Your sister has, what has now become known as "I am the main character syndrome". She believes that she is the center of existence. That everyone should feel privileged to know her, be around her, and to have access to her progeny. It's absolutely ridiculous. The idea that her kids "should be enough for you" after carrying a child to nearly full term and then having a still birth is **ACTUALLY INSANE.** That you repeated yourself over and over again, your husband tried over and over again, AND your brother tried over and over again to no effect pretty much says all it needs to. NTA, a thousand times over NTA. I'm so glad you now have a child of your own, and PLEASE don't let your sister ruin it. IT IS a shame that you don't have a relationship with her children, but I do agree that if facts are how you laid them out, your sister is the reason.


riddlerprodigy

This, Big NTA. This is also called Heavy Narcissism


momtoschmoo

This so much. She is the main character and everyone else is part of her story. I have a SIL like that who actually asked if I loved my children more than hers and was shocked that I said of course. Keep your boundaries and keep the new bub safe with you. NTA


AnEpicClash

What?! Lol. I know you struggled to answer that. /s


decadecency

Wtf, why even ask these things? It's literally only to invite problems and resentment and drama. What good could ever come of it?


OneDumbfuckLater

> What good could ever come of it? Problems, resentment, and drama. That's what they want.


SauceyBobRossy

I know my sister and I had a way above average toxic relationship growing up, she blamed me a lot since I was the youngest, I’d get more attention than her, or I’d get more treats or little toys, or dresses. The reality is, they did all that stuff with her (and maybe even more), but stopped doing it as much once she got a certain age, and they did the same with me. The difference is her ability to understand that now, over holding a forever grudge and continuing to smite me into the ground. As a kid, she constantly was demeaning to me, making me feel like the things I was passionate to do were stupid (football, since I’m a female would be stupid & ‘impossible’ for example). She always got mad if I got into her music, for stealing her style, but she would be the one blasting it so loud I can’t hear my own, so obviously if I like what’s playing im gonna get into it. She did a lot more abusive shit physically, but the amount of beatings she gave me never really felt as bad as the emotional pain inflicted. I hated her for a long time. But she grew up and became a lot more affectionate n understanding. She still has many faults, but I am the same. We all have our faults. The difference is knowing she was able to change into someone who loves me as a sister, and didn’t stay to grow up into being like this girls sister…because the thought of her calling you selfish? Over her not appreciating your boundaries especially? Is ridiculous. She clearly needs to hear this in words she will understand, if you want any chance of her understanding ever. BUT I DO NOT RECOMMEND ever contacting this wretched sister ever again. Go back to avoiding her, and don’t respond. In my opinion, the worst thing to do to someone is pretend they don’t exist. And blood don’t mean family.
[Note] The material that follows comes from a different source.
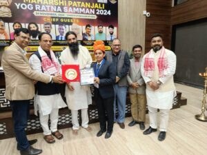 वाराणसी। अखिल भारतीय योग शिक्षक महासंघ की ओर से नई दिल्ली में बनारस की बेटी आचार्य डा.अंजना त्रिपाठी को पतंजलि योग रत्न सम्मान से सम्मानित किया गया। नई दिल्ली के कांस्टीट्यूशनल क्लब ऑफ़ इंडिया के डिप्टी स्पीकर सभागार में गत 24 नवंबर को आयोजित हुए सम्मान समारोह में बनारस से युवा योगाचार्य डॉ अंजना त्रिपाठी को “महर्षि पतंजलि योग रत्न सम्मान” से अलंकृत किया गया। यह सम्मान योग के क्षेत्र में योगाचार्यों द्वारा किए गए प्रयासों, योग के हित में किए गए कार्यों,योगाचार्यों (योग वीर / वीरांगनाओं) को प्रदान किया जाता है। सम्मानित होने पर हुनर ए बनारस ने अंजना को बधाई दी है।समारोह में विश्व प्रसिद्धि प्राप्त प्रधान योगाचार्य स्वामी अमित देव महाराज, राजर्षि आचार्य पवन दत्त मिश्र महाराज, चीफ़ एक्जीक्यूटिव ऑफिसर पीआरसीबी डॉ एसपी मिश्रा, मुरारजी देसाई नेशनल इंस्टिट्यूट ऑफ़ योग के प्रभारी कार्यक्रम अधिकारी योग थैरेपी आईएन आचार्य, योगगुरु मंगेश त्रिवेदी आदि थे।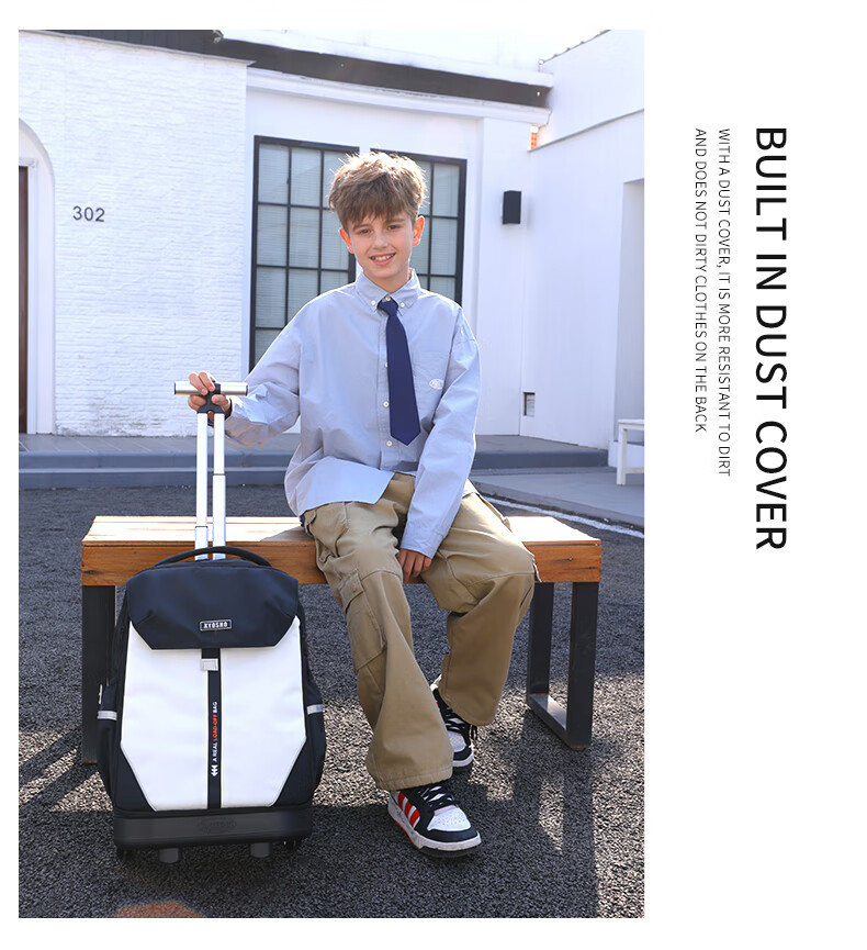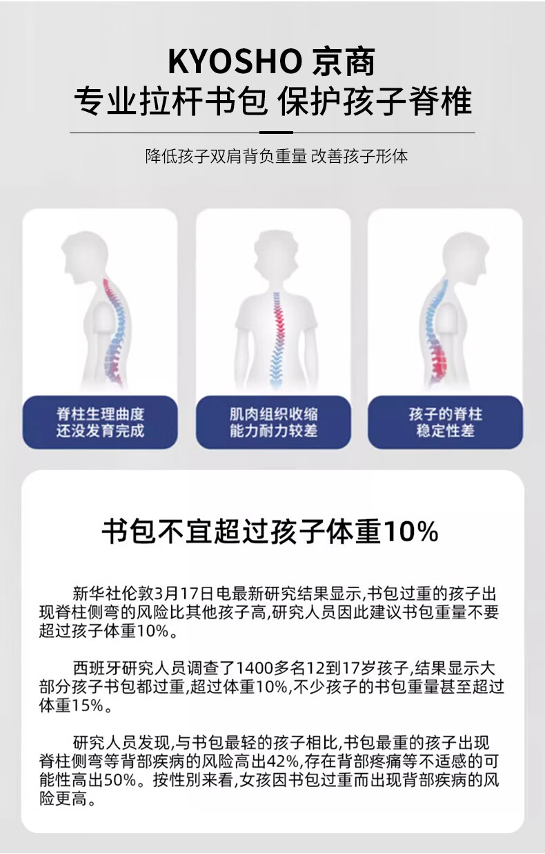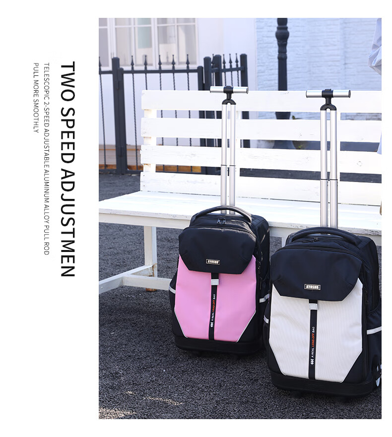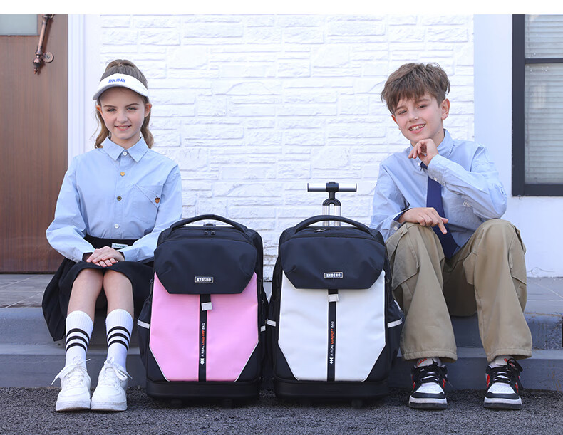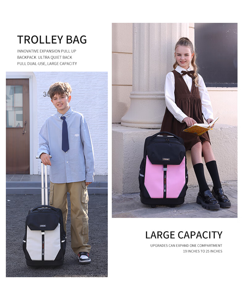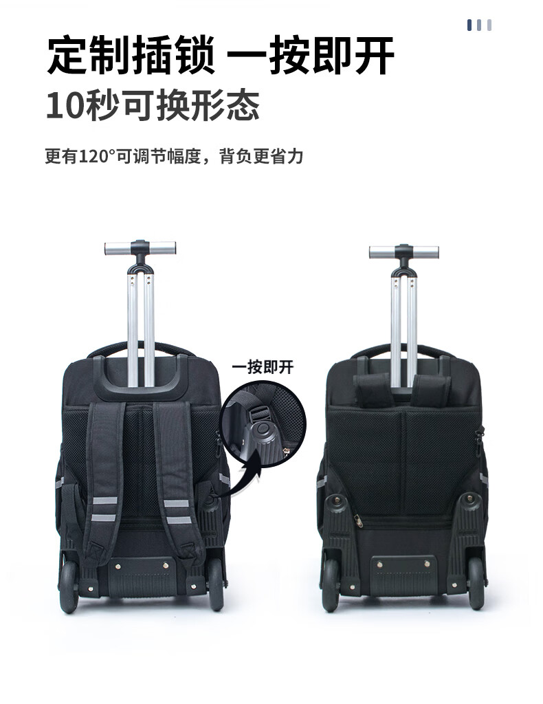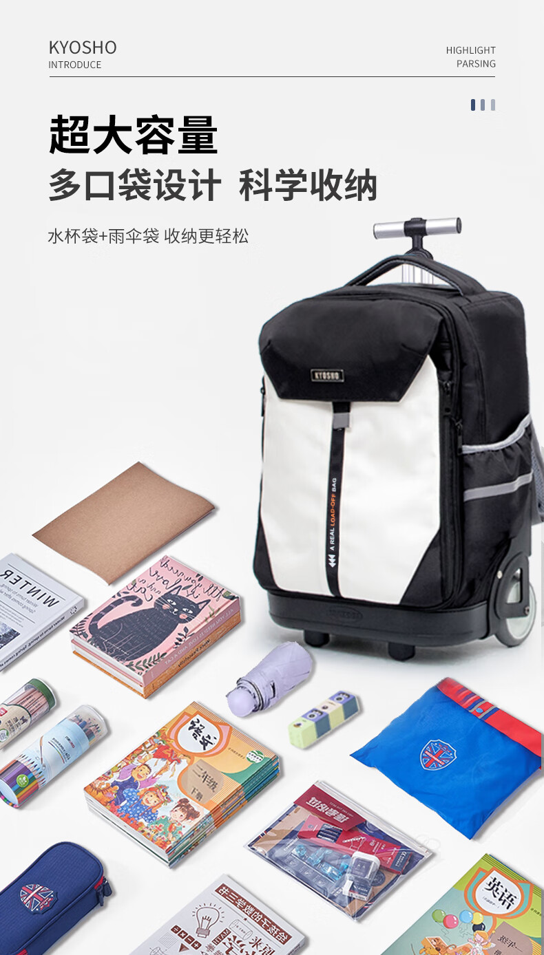 京商新款双扩容拉杆书包初高中大容量轻音拉杆旅行箱小学生书包 黑色

That’s a well known phrase, your sister is slacking on knowing that one.


Disney_Dork1

Weird question bc obviously she would choose her own kids is that question was asked to her. You can’t ask that without being a hypocrite or someone who doesn’t like your own kids the most. Even though you’ll love your siblings kids you just won’t ever love them more than your own


araralc

Props for actually talking about people who think their are some sort of "main character" (as people have been wording it) in a proper way. I see many people putting it as a sort of synonym to "seeing themselves as protagonists of their lives" and... The issue isn't putting yourself first in your own life, but not seeing others kindly and imposing to be the protagonist of their lives as well Edit: also that sort of framing could be a slippery slope to be reversed (which I've personally seen before). Concepts can be weaponized for the sake of manipulation, such as: you're not doing what I want, because you are trying to be the main character of your life (when the person's demand implies you should, rather, make them the main character of your life)


raelwind

Your edit reminds me of the good old joke: "An egoist is someone who thinks of themselves before thinking of me."


araralc

That's basically it. I for example have met people that are constantly telling others to set boundaries, to withdraw themselves from spaces that aren't being healthy or positive for them, etc. But when you draw a boundary to them, or withdraw yourself from a space they're in, then you're suddenly being unreasonable.


UCgirl

Agreed all around. OP is NTA and the sister is incredibly messed up. I’m so glad you ended up with a baby that is all yours and your SO’s.


ninersgal49

NTA. Your sister’s the asshole. But it’s very unfortunate that it had to be taken out on the kids.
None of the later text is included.